What to work on
From the line containing "Sun | 22 Taurus" down to the last line of the material, output each line exactly as it appears, excluding pictures.

Task data
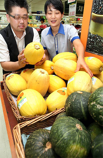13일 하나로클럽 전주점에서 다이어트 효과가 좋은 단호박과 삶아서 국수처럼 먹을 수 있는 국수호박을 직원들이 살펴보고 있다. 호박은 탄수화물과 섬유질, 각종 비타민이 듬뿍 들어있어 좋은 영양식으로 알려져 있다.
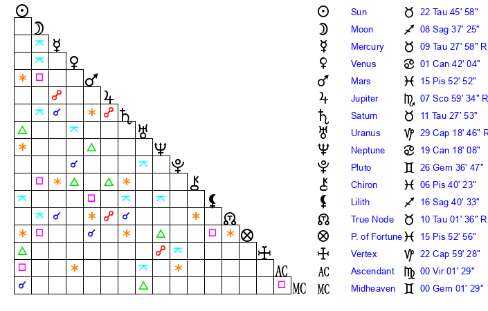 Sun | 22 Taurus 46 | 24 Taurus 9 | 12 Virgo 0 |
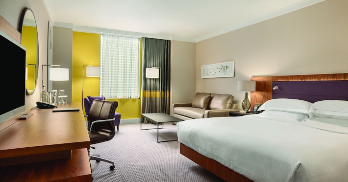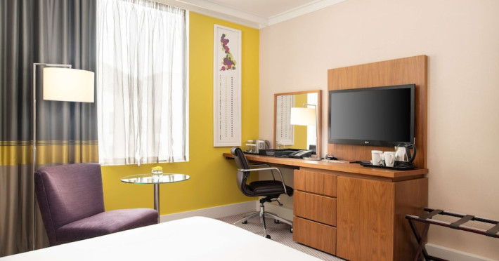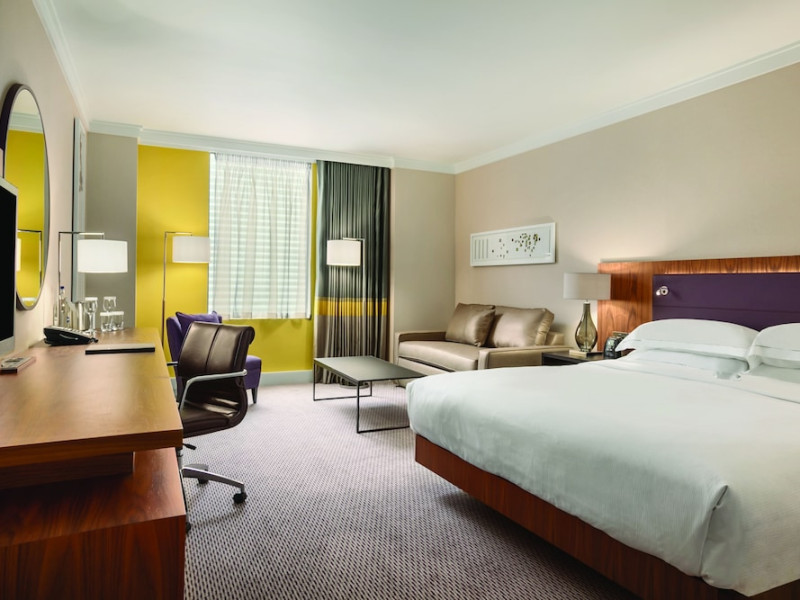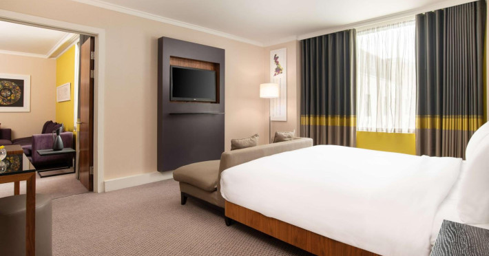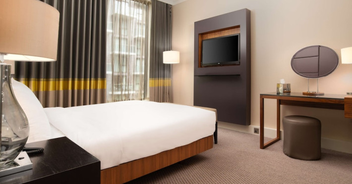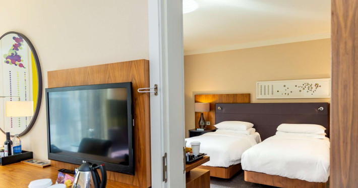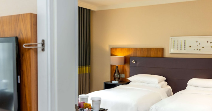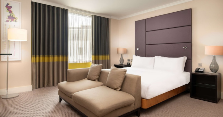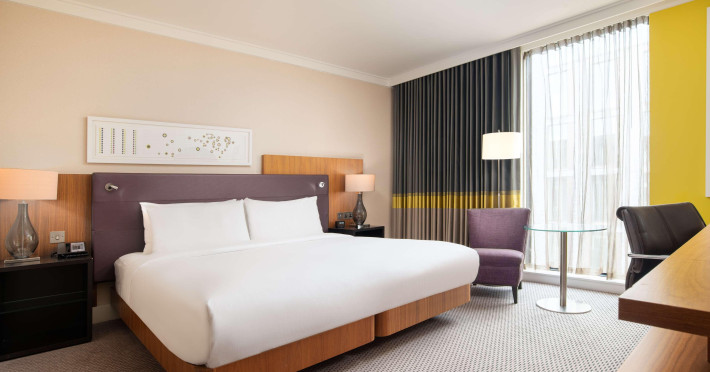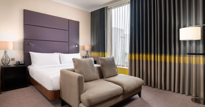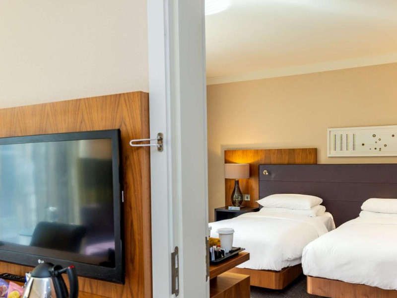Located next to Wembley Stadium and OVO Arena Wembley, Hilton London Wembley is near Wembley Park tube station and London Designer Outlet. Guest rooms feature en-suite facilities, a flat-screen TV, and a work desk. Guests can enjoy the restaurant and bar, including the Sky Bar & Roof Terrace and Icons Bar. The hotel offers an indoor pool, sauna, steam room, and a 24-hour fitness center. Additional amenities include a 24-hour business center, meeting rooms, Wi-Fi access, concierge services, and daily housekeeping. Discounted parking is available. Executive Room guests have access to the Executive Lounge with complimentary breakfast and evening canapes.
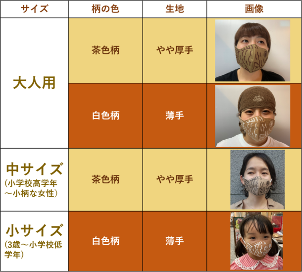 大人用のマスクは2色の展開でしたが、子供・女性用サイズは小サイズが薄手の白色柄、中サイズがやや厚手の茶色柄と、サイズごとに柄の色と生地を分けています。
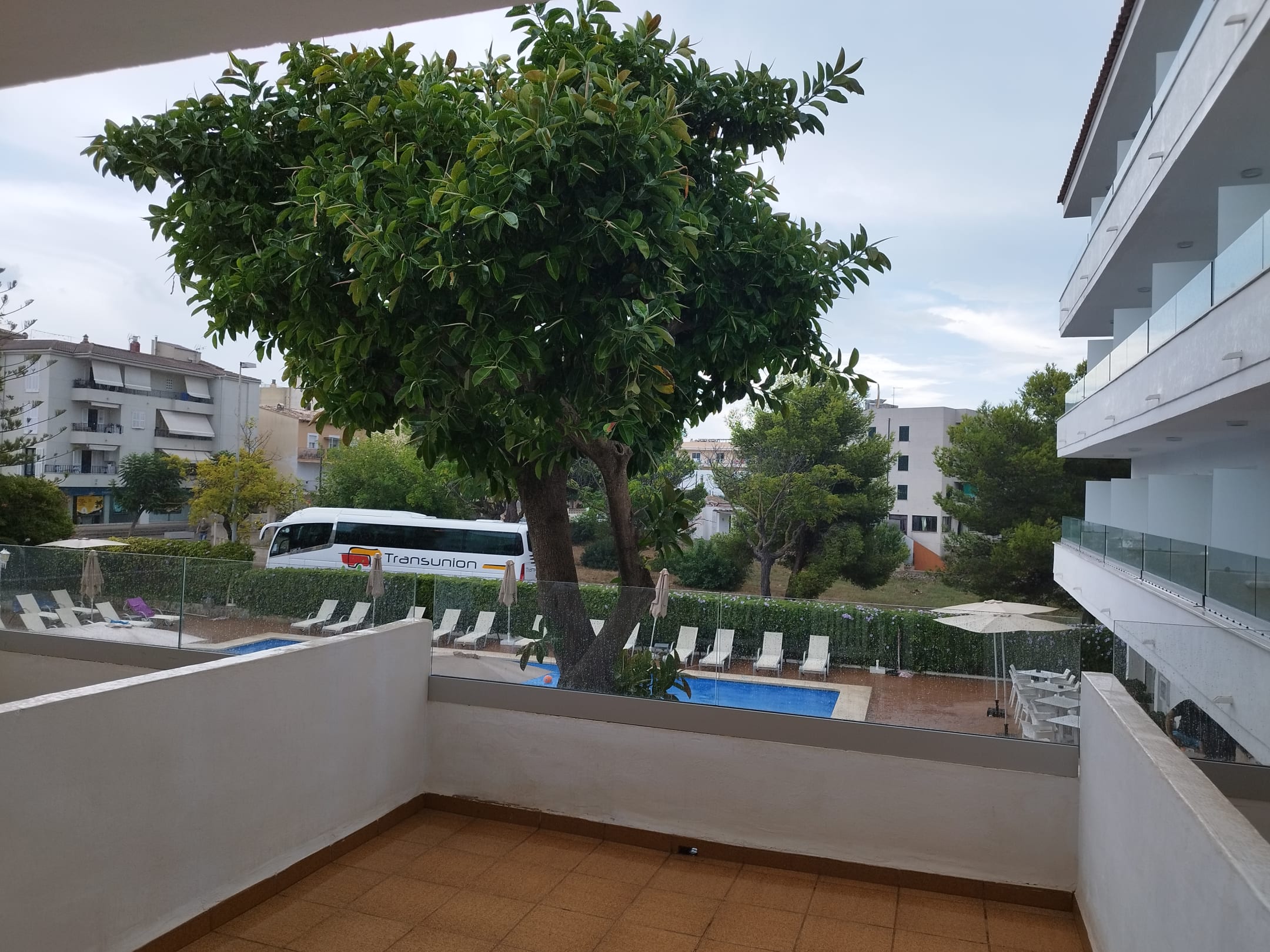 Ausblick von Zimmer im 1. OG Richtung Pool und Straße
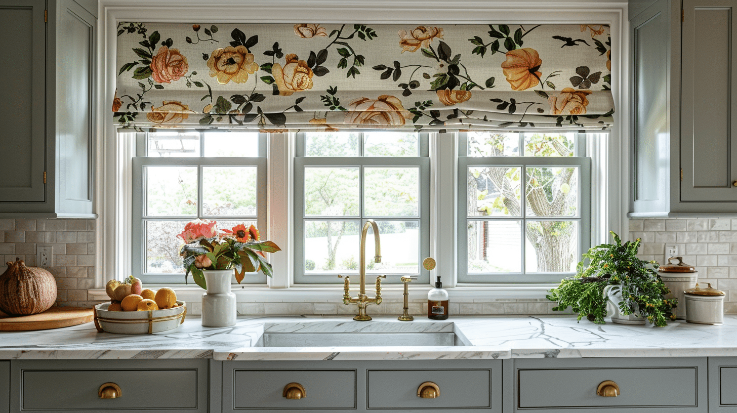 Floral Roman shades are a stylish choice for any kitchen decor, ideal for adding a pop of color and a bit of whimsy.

Answer below
 Sun | 22 Taurus 46 | 24 Taurus 9 | 12 Virgo 0 |
Located next to Wembley Stadium and OVO Arena Wembley, Hilton London Wembley is near Wembley Park tube station and London Designer Outlet. Guest rooms feature en-suite facilities, a flat-screen TV, and a work desk. Guests can enjoy the restaurant and bar, including the Sky Bar & Roof Terrace and Icons Bar. The hotel offers an indoor pool, sauna, steam room, and a 24-hour fitness center. Additional amenities include a 24-hour business center, meeting rooms, Wi-Fi access, concierge services, and daily housekeeping. Discounted parking is available. Executive Room guests have access to the Executive Lounge with complimentary breakfast and evening canapes.
 大人用のマスクは2色の展開でしたが、子供・女性用サイズは小サイズが薄手の白色柄、中サイズがやや厚手の茶色柄と、サイズごとに柄の色と生地を分けています。
 Ausblick von Zimmer im 1. OG Richtung Pool und Straße
 Floral Roman shades are a stylish choice for any kitchen decor, ideal for adding a pop of color and a bit of whimsy.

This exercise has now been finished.